本文主要研究多通道体制SAR HRWS成像中的关键问题。首先,研究了一发多收(SIMO : Single Input Multiple Output)SAR距离/多普勒模糊抑制的问题,根据接收天线相对位置的差异,分为“单星SIMO-SAR”和“分布式SIMO-SAR”,它们的数据处理具有不同的特点。然后在一发多收研究成果的基础上,研究了多发多收SAR特有的正交波形设计和对应的成像处理等关键问题。具体研究内容安排如下:
第二章对“单星一发多收SAR”的多种实现模式进行了系统的对比研究。首先根据“最小天线面积约束”给出了品质因子的定义,用于评价系统的HRWS成像能力。然后从品质因子、距离/多普勒模糊抑制能力、信噪比、数据量、信号处理复杂度、盲区等方面分析对比了五类多通道接收SAR系统的优劣异同,得出了综合性能最优的系统方案—距离多通道接收的多相位中心方位多波束(DPC-MAB)系统。
第三章研究了单星距离多通道接收的DPC-MAB系统实现HRWS成像的问题。建立了一发多收DPC-MAB系统的信号模型,提出“谱分解法”完成回波的无模糊重构,并采用传统成像算法完成成像。在分析重构后回波的方位模糊比和信噪比的基础上,指出方位模糊比、信噪比与系统PRF的矛盾,提出利用相控阵天线并采用接收子阵列交叠接收以及宽发窄收两种方案予以妥善解决。给出了距离多通道接收的实现方案和信号处理方法,分析了其对信噪比的改善程度。
第四章研究了分布式SAR实现HRWS成像的问题。针对只存在沿航向基线的“SAR-Train”构形,提出一种回波预处理方案,可消除由沿航向基线引起的回波去相关,将构形转化为“DPC-MAB”模式,进而利用谱分解法解多普勒模糊;针对类似“TanDEM-X”的双站多相位中心SAR系统,提出在进行相位补偿之后,将双站多通道回波转化为双站回波,继而可采用双站成像算法进行成像;针对接收通道间存在切航向基线的分布式卫星SAR系统,提出将通道间回波历程差进行二阶近似、再分别补偿的方法。特别指出回波历程差随目标距离迁徙曲线空变的特性并提出了频域补偿方法。
第五章研究了多发多收(MIMO: Multiple Input Multiple Output)SAR改善HRWS成像性能的问题,主要集中在正交波形设计和相对应的成像算法。通过理论分析和仿真实验指出,同频带的相位编码信号和离散频率编码信号无法克服自相关函数和互相关函数积分旁瓣比之间的矛盾,不适合用于对地观测的MIMO-SAR;将正交性优良的步进频率LFM信号用于MIMO-SAR,给出了成像的信号处理方法和结果;进一步针对步进频率LFM信号各子带之间不能进行方位联合处理的缺点,将顺序发射的空-时正交波形用于MIMO-SAR,可获得更多的等效相位中心,显著改善系统的HRWS成像性能,同时避免了同频信号并发造成的相干暗斑,分析了空-时正交波形MIMO-SAR的模糊抑制性能,并给出了成像处理方法和仿真结果。
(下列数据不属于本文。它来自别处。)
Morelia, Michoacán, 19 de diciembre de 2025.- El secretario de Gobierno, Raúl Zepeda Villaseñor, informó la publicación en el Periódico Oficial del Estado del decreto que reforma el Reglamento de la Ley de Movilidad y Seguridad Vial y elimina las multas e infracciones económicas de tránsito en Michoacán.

The capability of high resolution and wide swath (HRWS) imaging is desired by space based remote sensing and military reconnaissance. But for minimum antenna area constraint, there is an irreconcilable conflict between azimuth resolution and swath in single-channel SAR. This conflict can be mitigated via receiving with multiple channels. With the same resolution, multi-channel SAR can achieve much wider swath than single-channel SAR.
Several key problems for multiple-channel SAR imaging are investigated in this paper. Firstly , with regard to single-input and multiple-output (SIMO) SAR, suppression means for range-Doppler ambiguities are studied for the two formation of single platform and distributed satellite SAR respectively because they have different characteristics of distinct baselines among phase centers. Secondly, to multiple-input and multiple-output (MIMO) SAR, problems such as orthogonal waveform design are researched based on studies above for SIMO SAR.
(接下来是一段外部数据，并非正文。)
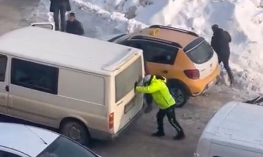 Tekerlekleri buzda boş dönünce ilerleyemeyen kamyoneti fark eden trafik polisi, müdahale ederek aracın kurtarılmasını sağladı. Olay sırasında çevredeki vatandaşlar da polise destek verdi; yardım anları kameraya yansıdı.

Implementation form for SIMO SAR on single platform is comprehensively studied in Chapter 2. Firstly, merit factor for HRWS imaging evaluation is presented according to minimum antenna area constraint. Next, five multi-channel SAR systems are contrastively analyzed on several aspects, such as merit factor, capability for range-Doppler ambiguity suppression, signal to noise rate(SNR), data volume, complexity of signal processing, and blind swath. Conclusively, a reasonable system scheme, with displaced phase centers multiple azimuthal beam (DPC-MAB) and multiple receiving channel in range, is chosen as issue studied below.
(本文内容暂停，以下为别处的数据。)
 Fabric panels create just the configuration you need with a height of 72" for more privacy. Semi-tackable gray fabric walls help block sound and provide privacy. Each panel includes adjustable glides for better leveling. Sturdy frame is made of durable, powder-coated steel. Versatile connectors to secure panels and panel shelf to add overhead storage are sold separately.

DPC-MAB SAR with multiple receivers in range is studied in Chapter 3. After building signal model of SIMO SAR, decomposition spectrum algorithm is proposed to ambiguity-free reconstruction for multi-channel SAR echo, by which conventional imaging algorithms can be carried out to achieve HRWS imaging. SNR and azimuth ambiguity signal rate (AASR) of reconstructed data are analyzed and conclusion is drawn that there is conflict among SNR, AASR and PRF. So application of multiple overlapped receiving subapertures with phased array antenna is presented to handle this problem.
Distributed satellites SAR for HRWS imaging is studied in Chapter 4. For SAR-Train without cross-track baseline, preprocessing method is proposed for compensation for mutuality losing in echoes from multiple satellites. Then, the SAR-Train formation can be transformed to DPC-MAB and method given in Chapter 3 can be implemented in this formation. For the formation as“TanDEM-X”, an idea is presented to transform echoes from bistatic SAR multiple channels into echo from bistatic SAR with single channel equally. As regard to distributed SAR system with cross-track baseline, Phase history difference of two receiving channels is approximated by the second taylor expansion and compensated respectively. Range-dependent characteristic for phase histroy difference is analyzed and frequency compensation method is presented.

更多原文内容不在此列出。